The past 12 months have brought the kind of buoyant housing market few would have expected this time last year.
With talk of a housing bubble, the market as we head into 2014 represents a vastly different picture from the turn of the year.
Forecasts from the Council of Mortgage Lenders originally predicted gross lending would reach £156bn in 2013, up from the £144bn advanced in 2012. At the same time, CML chief economist Bob Pannell predicted the Funding for Lending Scheme would aid a “modest pick-up” in the UK mortgage market.
In its latest forecasts, published this month, the CML says gross lending will hit £170bn this year, rising to £195bn next year.
John Charcol senior technical manager Ray Boulger says: “Looking at the rising lending figures over the year, the main catalyst was the Funding for Lending Scheme, which brought down the cost of funds for banks.
“Coupled with the Help to Buy scheme, the Government has gone some way to encourage greater lending, particularly in the high loan-to-value bands that were absent from the market for so long.”
Help to Buy
Undoubtedly, the Government’s Help to Buy scheme has played a big role in fuelling demand among buyers, and boosting banks’ and building societies’ appetite for mortgage lending.
The scheme was unveiled in Chancellor George Osborne’s Budget in March and the first part, a shared equity scheme for new-build homes, started rolling in April. The second stage, launched to much fanfare in October, featured a Government guarantee in return for a fee from the lender.
Lender failings and tracker rate hikes
In April, Santander had to write to more than 270,000 borrowers, inviting them to complain, after the FCA found that letters the lender had sent to customers in 2008 before it increased its standard variable rate cap were unclear. The regulator also took a hard line with Clydesdale Bank in September, saying the bank had treated mortgage customers unfairly by miscalculating repayments on more than 42,500 mortgages. A fine of £8.9m plus compensation to borrowers cost the bank an estimated £42m.
Bank of Ireland shocked borrowers in February when it wrote to 13,500 buy-to-let and residential customers on tracker deals warning them their rates would increase significantly.

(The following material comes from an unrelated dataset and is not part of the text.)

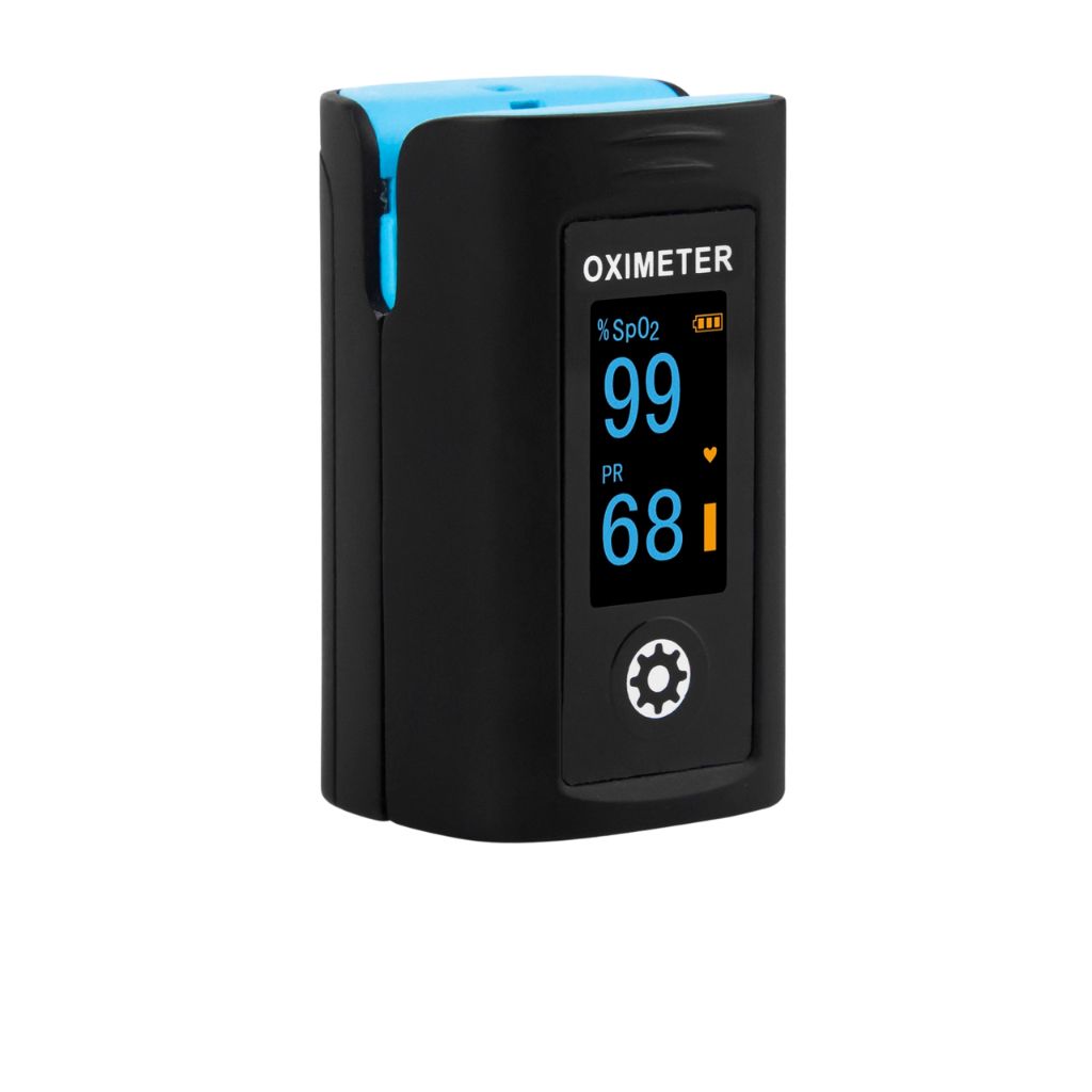 - OLED display of SpO2, PR, PI, pulse bar & waveform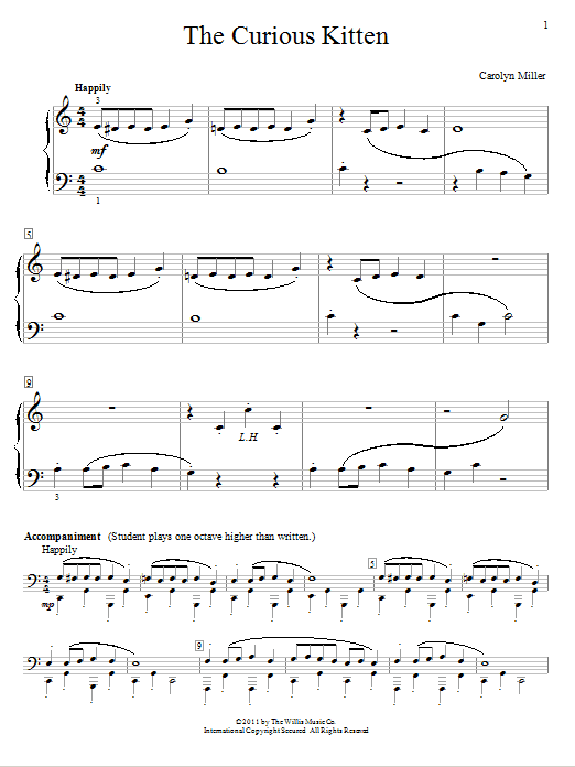 Download or print Carolyn Miller The Curious Kitten sheet music, chords and digital score arranged for Educational Piano. This Children score includes 2 page(s).

For buy-to-let, the rate jumped from Bank of England base rate plus 1.75 per cent to base rate plus 4.49 per cent while for residential borrowers, the rate went from base plus 1.75 per cent to eventually rising to base plus 3.99 per cent. West Bromwich Building Society followed suit in September, telling 6,700 of its buy-to-let tracker customers their rates would increase by 2 per cent in December.
The FCA sent a Dear CEO letter to banks and building societies in November raising concerns that some lenders had approached it wanting to change their mortgage contracts, including SVRs. The FCA is to publish a discussion paper next year on changes to mortgage contracts.
Funding for Lending
New Bank of England governor Mark Carney signalled that he was prepared to take action to head off a housing bubble earlier this month, by moving to scrap the Funding for Lending Scheme from January. The scheme, originally planned to last until January 2015, will still apply for business loans until 2015.
Trinity Financial product and communications manager Aaron Strutt says: “It is interesting the Bank announced its intention to refocus the FLS away from mortgages. The scheme has been a real driver in lenders offering such decent rates.”
This year MEPs passed final rules on the European mortgage credit directive. The reforms, aimed at ‘harmonising’ mortgage regulation throughout the EU, include a new rule requiring lenders to provide an extra APR outlining worst case scenarios for borrowers.
Under the dual APR rule, mortgages where borrowers are tied in for less than five years will have to include an APR for what they are paying during the lock-in period and a worst case -scenario showing the most they could have been charged on a lender’s SVR over the previous 20 years.
Overall, despite the pulling of the plug on Funding for Lending, brokers are optimistic going into 2014.
Strutt says: “Towards the end of this year, mortgages have got better for first-time buyers, which is great news. Over the last few years, first-time buyers have really struggled to get a mortgage and this market is now a lot more attractive for them.
“The return of 5 per cent deposit mortgages is something that the market has been needing for many years now.”
At a glance: The biggest mortgage stories of 2013
- March and October: Help to Buy, the Government’s flagship Budget policy, rolls out in two phases.
- September: Clydesdale Bank hit with £8.9m fines after miscalculated repayments on over 42,500 mortgages.
- November: The Bank of England announces Funding for Lending Scheme will be scrapped for mortgages from January.
- December: EU Mortgage Directive passes.